Но он знал, откуда они. Ему положительно нездоровится от вечерних чаепитий у учителя Хрума. Когда говорят вполголоса. Когда вздрагивают при стуке в дверь. Когда друг другу не доверяют.

И зачем все это? Чтобы рассказать кучу антисоветских анекдотов, повздыхать, поспорить о том, как будет «тогда»? Чтобы Хрум восклицал патетически: «О юношество, юношество! Вы – наша надежда, и вы – наша слава!» Чтобы Никита Ковалев хлопал Воробейчика по плечу и говорил ему поощрительно: «Рува Воробейчик, тебя ждет блестящая будущность»?

А пока у Рувы – ни настоящего, ни будущего. Отец косо поглядывает на покрывающееся щетиной и прыщами лицо Рувки, мать подсаживается после обеда и ласково глядит в глаза:

– Ну, что это будет, Рува, а? Ну, что это будет дальше? Кем ты будешь?

Школа висит на ногах, как стопудовая гиря, – школу нужно кончить. А дальше? Где блестящая будущность? В контору или к отцу в магазин?

– Он, тяжела ты, шапка Мони Маха!

Он проходит боком, стараясь незамеченным добраться до своего класса. Около доски с плакатами бурлит толпа. Оттуда вырывается хриплый Алешин голос.

Там стоят Алеша, Лукьянов, Юлька, и Лукьянов вытирает рукавом пот со лба и говорит улыбаясь:

– Разобрало! – И наклоняется к Юльке. – После третьего урока поставим на голоса.

Иногда Алеша, оборачиваясь к Лукьянову, видел улыбку и хмурился.

«Чего смеяться? Смеяться нечего! – думал он. Сам он был напряженно серьезен и все ждал: – Что ж Ковалев? Где он?»

Щуря близорукие, припухлые глаза, к нему подошел сутуловатый молчаливый Колтунов. Он полез в карман, вытащил футляр, вынул очки, подышал на них, потом стал зачем‑то тыкать платок в футляр. Тыкал долго, пока наконец не сообразил, что платку не место в футляре. Спрятал платок в карман и наконец надел очки. Они были узкие, формы голубиного яйца, в тусклой железной оправе. Оправа эта досталась Колтунову от покойного отца.

Сразу выступили из вечерних сумерек предметы, и лица стали ясными, отчетливыми, даже слишком отчетливыми, что делало их неприятными: может быть, поэтому очень близорукий Колтунов не любил носить очки. Через стекла увидел Колтунов, что курносый носик Юльки весь в дружных смешных веснушках, а по ее красному лбу ползут тяжелые круглые капельки пота.

– В‑ваша в‑выдумка? – спросил он неодобрительно Алешу. – 3‑вачем? – И пожал плечами.

– А что? – хрипло спросил Алеша. Он подозрительно посмотрел на этого малознакомого ему семигруппника.

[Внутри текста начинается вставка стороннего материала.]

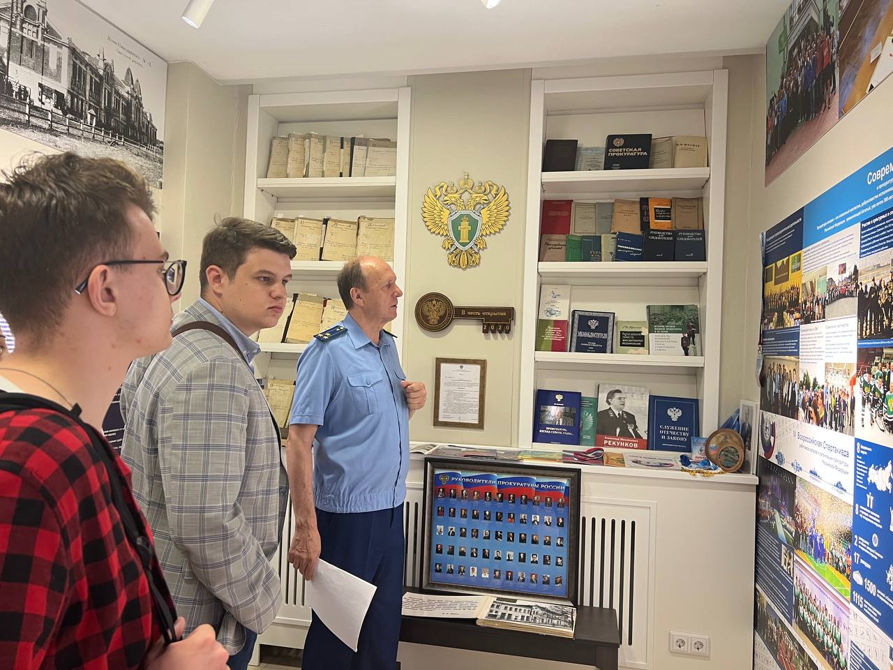 После чего пенсионером прокуратуры Владимиром Федоровичем Самочерновым проведена экскурсия в музее прокуратуры Новосибирской области, где студентам показаны фотографии работников прокуратуры времен СССР, участников Великой Отечественной войны, современного периода, а также подлинные документы и предметы, имеющие отношение к деятельности прокуроров.

– Ведь нам н‑ничего н‑неизвестно, – тихо ответил Колтунов. – Что там? – ткнул он пальцем вверх. – Н‑нам н‑ничего не‑неизвестно. Там туманы. Космос. Зачем же? Это же неважно – пасха. Это же язычество – пасха.

Недоумевающе он пожал плечами.

– Мы не только пасху, – пробурчал в ответ Алеша, – мы школу перевернем.

Колтунов взглянул на него с удивлением и поправил очки.

– Вам не нравится школа? – спросил он, наконец.

– Не очень! – засмеялся Алеша.

– Мы потолкуем еще на эту тему, – серьезно сказал Колтунов и протянул Алеше руку.

Сутулясь, пошел дальше по коридору.

«Школа? А? – думал Колтунов. – Но я привык учиться».

Он любил шахматы. Это была точная игра. Есть теория шахмат. Лишняя пешка в эндшпиле решает успех. Он коллекционировал марки. Вертя в руках эти маленькие клейкие цветные клочки, он вертел странами: далекой Гавайей и звучными Филиппинами. Он любил и берег книги. Был каталог. На книгах – самодельная печатка: «Собственность Арсения Николаевича Колтунова». Ему шел семнадцатый год – возраст, когда думают о будущем. Он о будущем не думал.

«3‑з‑зачем?»

Шахматы, марки, книги, пыльный гербарий, альбом открыток – тут все: настоящее, будущее.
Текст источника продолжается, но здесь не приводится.